Delicious, chocolatey, decadent, and easy-to-make Pumpkin Chocolate Whoopie pies
Whoopie pies are made of two chocolate cake-like cookies sandwiched with some kind of frosting. The frosting is different from marshmallow frosting, buttercream frosting to cream cheese frosting. In this pumpkin chocolate whoopie pies I am using caramel spice filling. This recipe is easy to make, similar to a chocolate pumpkin cake.
About This Recipe
- This recipe has two parts. 1) is the cookie part and 2) is the filling. The original chocolate whoopie pies have marshmallow filling, but throughout the years the recipe has developed. And now all whoopie pies contain all different kinds of fillings. Since this Pumpkin Chocolate Whoopie pie is a fall recipe, I filled them with a caramel spice filling.
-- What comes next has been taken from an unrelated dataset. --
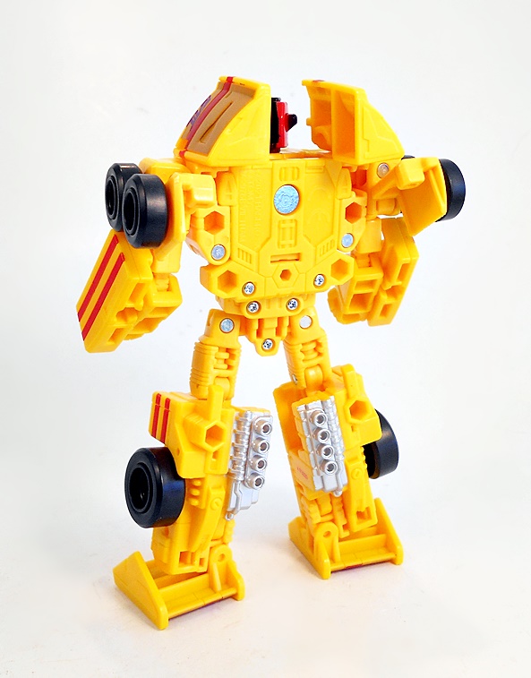 Transformation is very similar to what I’ve seen of Bombshell, but Barrage flips the chest to the back and uses the head horn to fill in the new chest, all while not jutting out as awkwardly far as the chest on the G1 Barrage. And all this sure goes a long way to make this robot mode look new and distinctive. The new bug legs can remain pegged into the arms, and I like to angle them back a bit to keep them out of the way. The coloring here remains pretty similar as the beetle, but now he’s showing more yellow. I dig the way the red bug eyes land just under his chest for an extra splash of color, and he has a Decepticon emblem square in the middle of his chest. The back fills out pretty well, but here’s where it’s really obvious that he’s a close cousin to Bombshell. Either way, this is an excellent homage to the original toy’s robot mode.

- The cookies are a combination of chocolate and pumpkin cake. The pumpkin puree adds a ton of moisture to this cake texture.
- Alright, yes! these are sandwich cookies, however, they are delicious just on their own. The filling just adds extra flavor and sweetness to the cookies.
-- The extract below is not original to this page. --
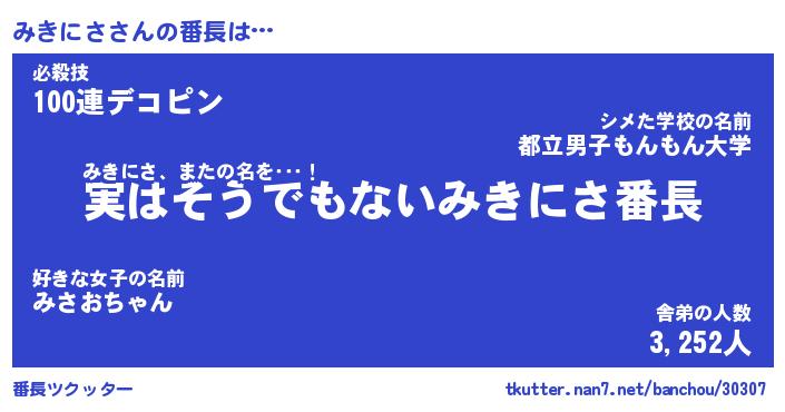 | 意味不明あだ名 | 『ペロリンみきにさ』『永久保存みきにさ』 |

See other pumpkin recipes; Pumpkin Donuts,
How To Make The Pumpkin Chocolate Whoopie Pies
How To Make The Cookies;
- One main ingredient in these cookies, is pumpkin puree which contains a lot of juice. That extra juice impacts the texture of the finished product. To remove all that juice, empty one can of pumpkin puree in a bowl and cover the top with a thick piece of paper towel to absorb all its juice. In the end, you will have a thicker puree.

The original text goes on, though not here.